[Stored data]
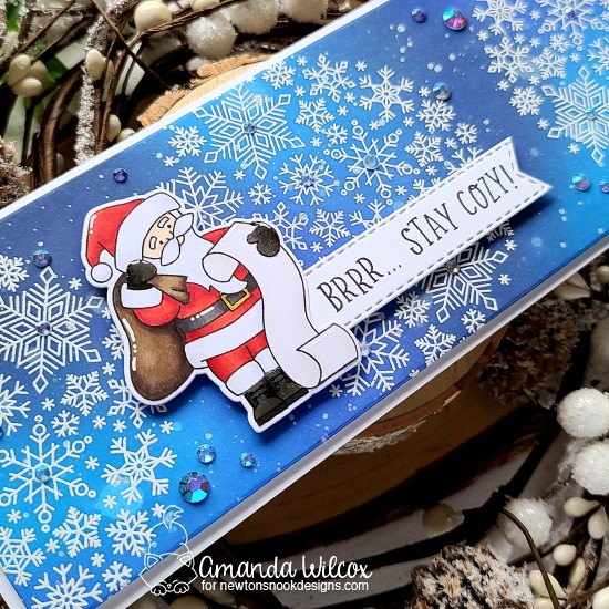 Amanda I love this background and the santa with his list – I hope my name is there! TFS your beautiful art – stunning slim line card creation!
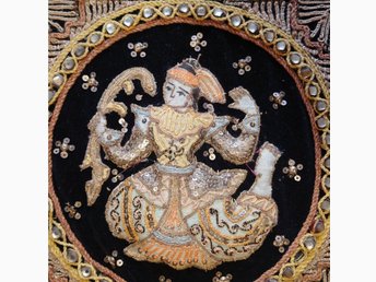 KALAGA - MYANMAR, VINTAGE VÄGG-DEKOR, INRAMAD. MKT FINT SKICK. MÅTT 41 x 41 CM.
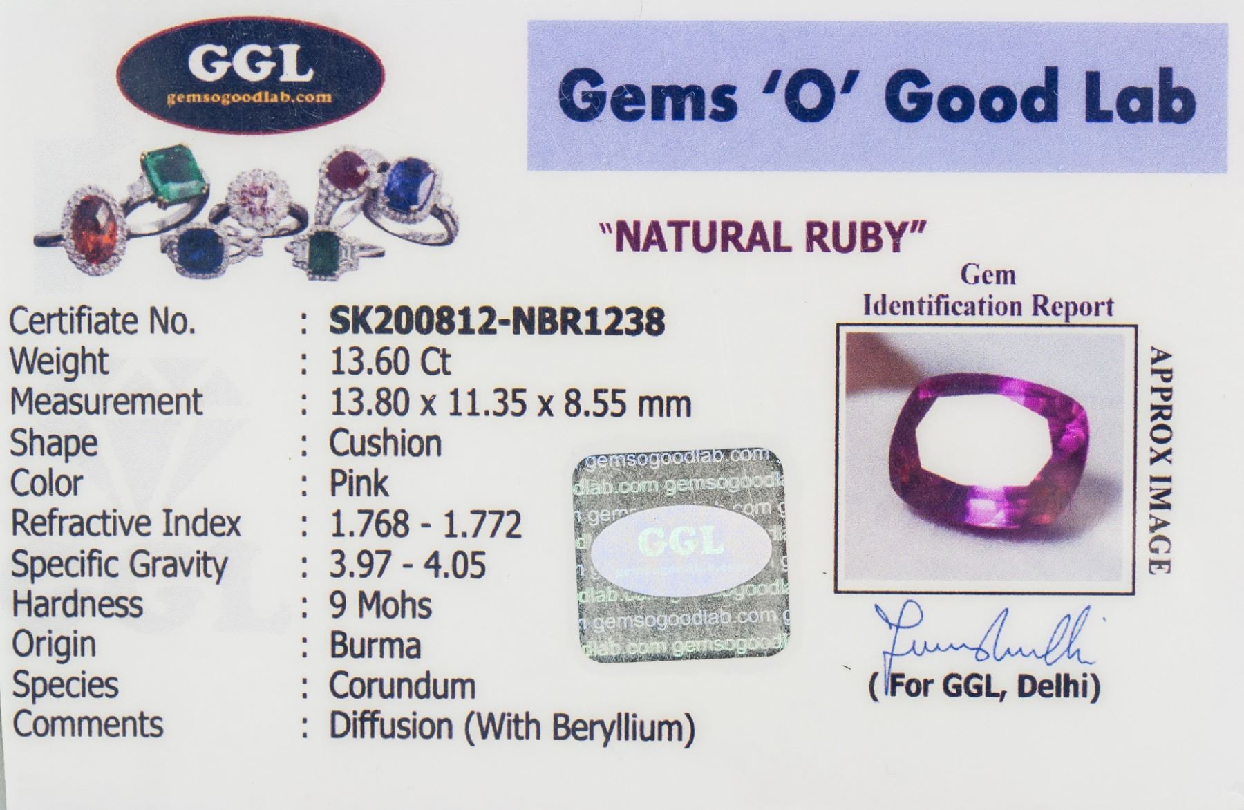 One (1) 13.60 ct cushion cut pink natural ruby. Origin: Burma. Accompanied with GGL certificate. 13.80 x 11.35 x 8.55 mm.
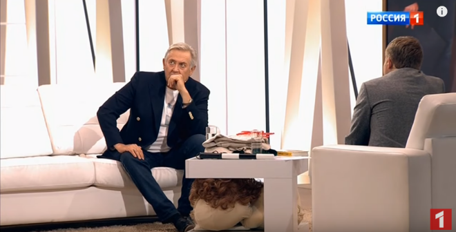 К Корчевникову пришел актер Юрий Стоянов. Он сообщил, что смог быстро похудеть благодаря участию в новом проекте. "В июне прошлого года я был таким", – показал Стоянов на собственное архивное фото на экране студии.
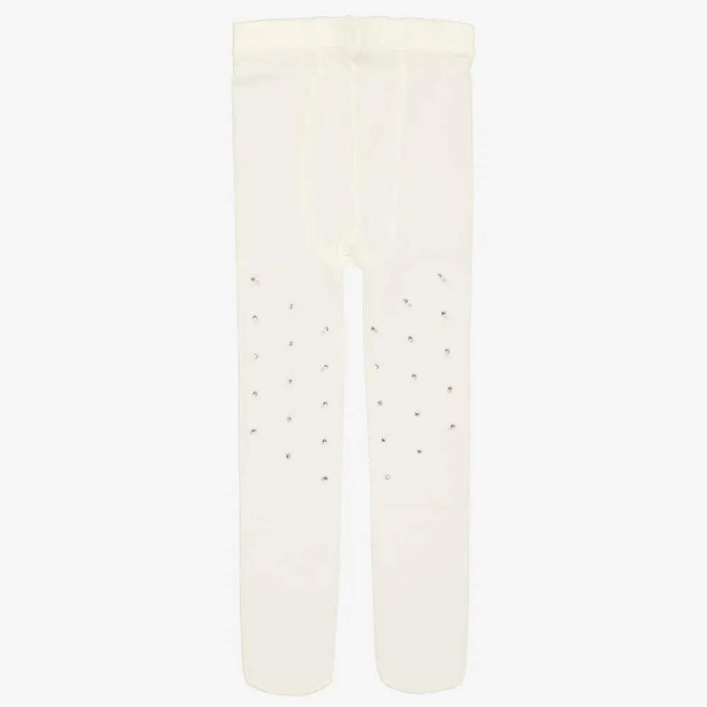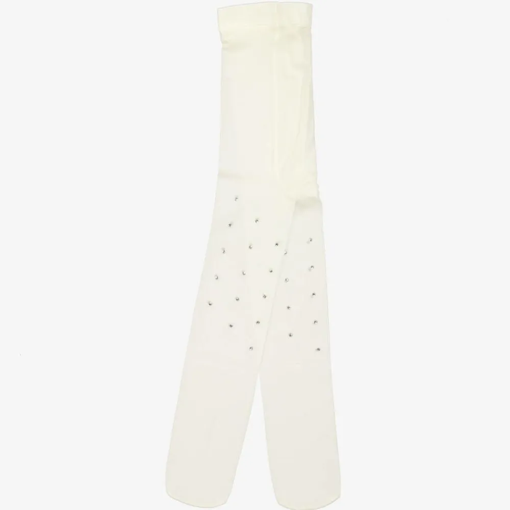 Beautifully patterned with sparkling diamantés, these ivory tights for girls are by Sevva. Soft, sheer and stretchy, they are an ideal complement to her special occasion outfit.
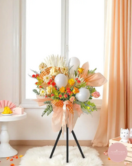 Fresh and uplifting, this radiant grand opening flower stand features a cheerful mix of yellow tulips, orange roses, and playful balloons nestled among soft peach wrapping and dried accents. With a warm, contemporary aesthetic, this arrangement symbolizes new beginnings, positive energy, and success.
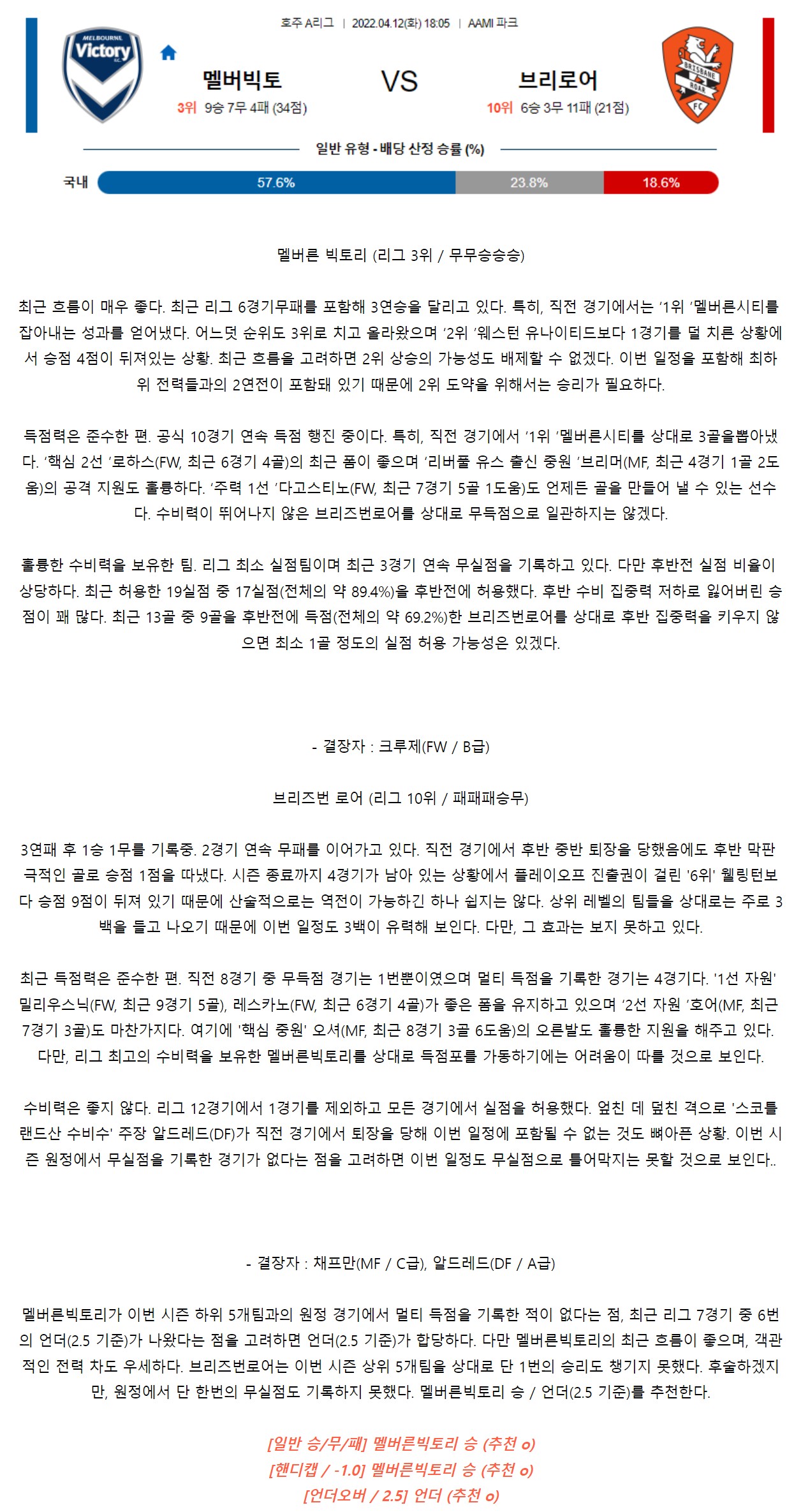 멜버른빅토리 브리즈번 호축 코멘트
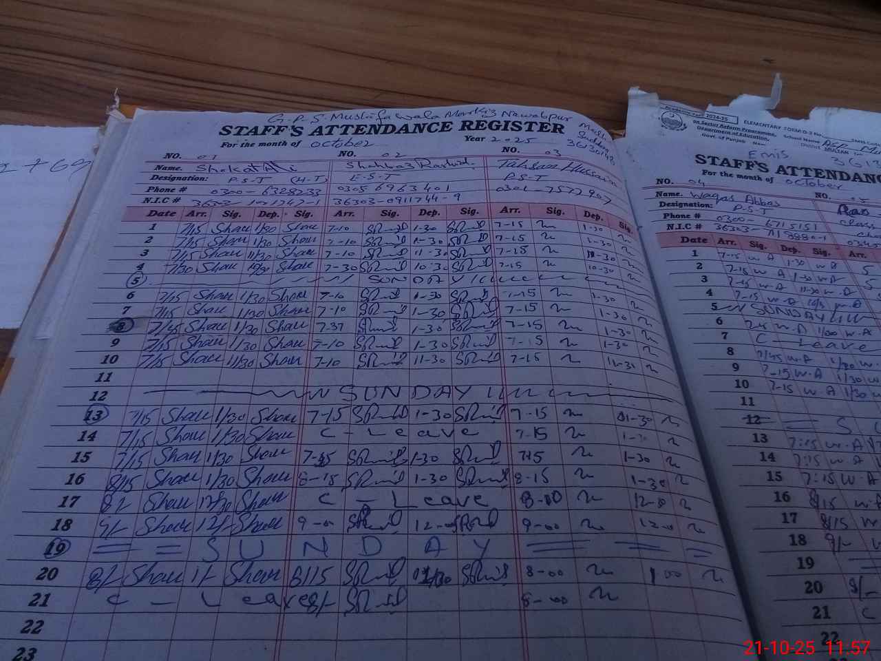 | CNIC | Full Name | Designation | R/C | Absence During Last Calender Month |

--- PROBLEM ---
Your copy should hold exactly the lines from the one with "Beautifully patterned with" through the end of the records, both included, and no pictures.

--- SOLUTION FOR THIS EXERCISE ---
 Beautifully patterned with sparkling diamantés, these ivory tights for girls are by Sevva. Soft, sheer and stretchy, they are an ideal complement to her special occasion outfit.
 Fresh and uplifting, this radiant grand opening flower stand features a cheerful mix of yellow tulips, orange roses, and playful balloons nestled among soft peach wrapping and dried accents. With a warm, contemporary aesthetic, this arrangement symbolizes new beginnings, positive energy, and success.
 멜버른빅토리 브리즈번 호축 코멘트
 | CNIC | Full Name | Designation | R/C | Absence During Last Calender Month |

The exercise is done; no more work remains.